- Born: 1973 (age 52–53) Commune of Matongo, Kayanza Province, Burundi
- Occupations: Accountant President of Olucome
- Known for: Anti-corruption activities

= Gabriel Rufyiri =

Gabriel Rufyiri (born 1973 in the Commune of Matongo, Kayanza Province) is a Burundian accountant by training, who founded and is president of the anti-corruption organization Olucome (Observatoire de la lutte contre la corruption et les malversations économiques, Observatory for the fight against corruption and economic malfeasance).

==History==

Olucome was founded in 2002, with Gabriel Rufyiri as president.
It is an NGO that has often criticized the government for its lack of action over embezzlement of public money.
In September 2006 Gabriel Rufyiri was arrested on a charge of defamation for stating that Burundian government members had embezzled money.
He was imprisoned in Mpimba Prison in Bujumbura.
In April 2009 his deputy, Ernest Manirumva, was assassinated.
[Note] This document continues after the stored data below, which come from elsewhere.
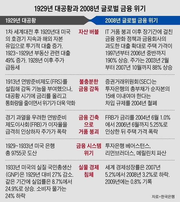 대공황과 글로벌 금융위기는 이처럼 전개 흐름과 핵심 원인에서는 '반복된 역사'이지만, 미시적인 요인이나 위기의 규모 면에서는 차이가 있다. 대공황의 교훈을 경험한 인류가 금융 시스템의 약점을 보완했기 때문이다. 먼저 대공황은 1차 세계대전 이후 금본위제(화폐 가치를 금의 가치로 나타내는 것)에 복귀한 많은 나라가 금본위제에 발목을 잡혀 통화긴축정책을 쓰게 되고 여기에 미숙한 은행 시스템이 제대로 위기 대응을 하지 못하면서 발생했다. 반면 글로벌 금융위기는 금본위제가 폐지된 상황에서 고위험 고수익 금융파생상품이 급속히 확산됐지만 금융 감독 당국이 제대로 대응하지 못해 폭발했다. 애덤 투즈 교수는 "규제 완화, 법인세 인하, 자유무역 등을 핵심 가치로 여기는 신자유주의의 부작용이 드러난 것"이라고 분석했다.
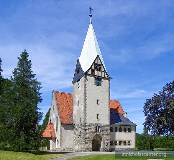 The church was built by Evangelicals in 1910. Some of the furnishings are from the old stone church, including the altar, pulpit, baptismal font, and organ prospectus.
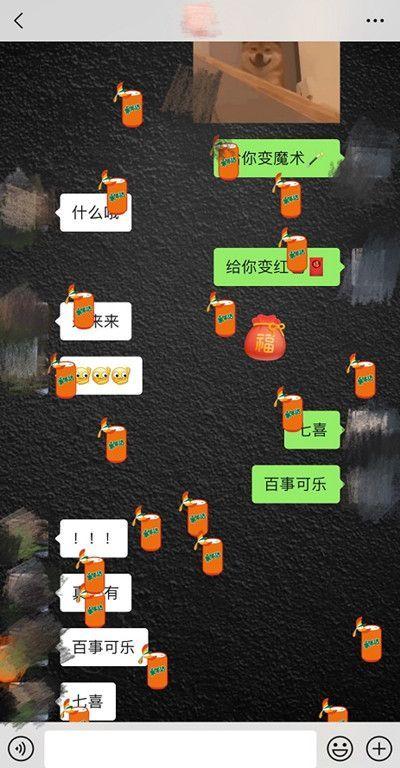 和百事可乐有关的问候语太多了。转到微信对话框,发给亲朋好友。点击掉落的福袋,在红包雨中发现很多惊喜!
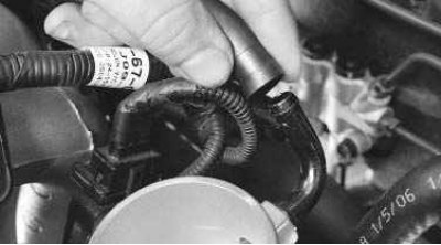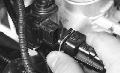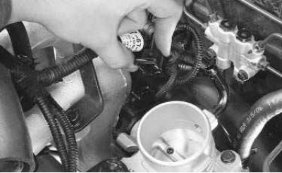 7. Аналогичным способом отсоедините колодку жгута проводов от датчика положения дроссельной заслонки.

By 2012, Olucome had filed over 10,000 denunciations of corruption and embezzlement of public funds, but had only been able to process 1,000 cases.
Rufyiri had been arrested ten times.
On 14 May 2012 Rufyiri was decorated Knight of the Order of the Crown by Albert II of Belgium

In March 2022 africanews reported that Gabriel Rufyiri had returned to Burundi after seven years of exile.
He said he was aware of the risks but trusted the state to protect him.
In March 2023 Rufyiri, still president of Olucome, met the Prime Minister of Burundi.
A few days later he attacked the "Burundian oligarchs", Olivier Suguru, Adrien Ntigacika and Vénérand Kazohera, who received all the public contracts.
He said the national bank (BNB) reserved foreign currency for imports of medicines, fertilizers and fuel, which these individuals controlled.
He also asked for clarity of how the "Prestige" company was awarded the fuel market.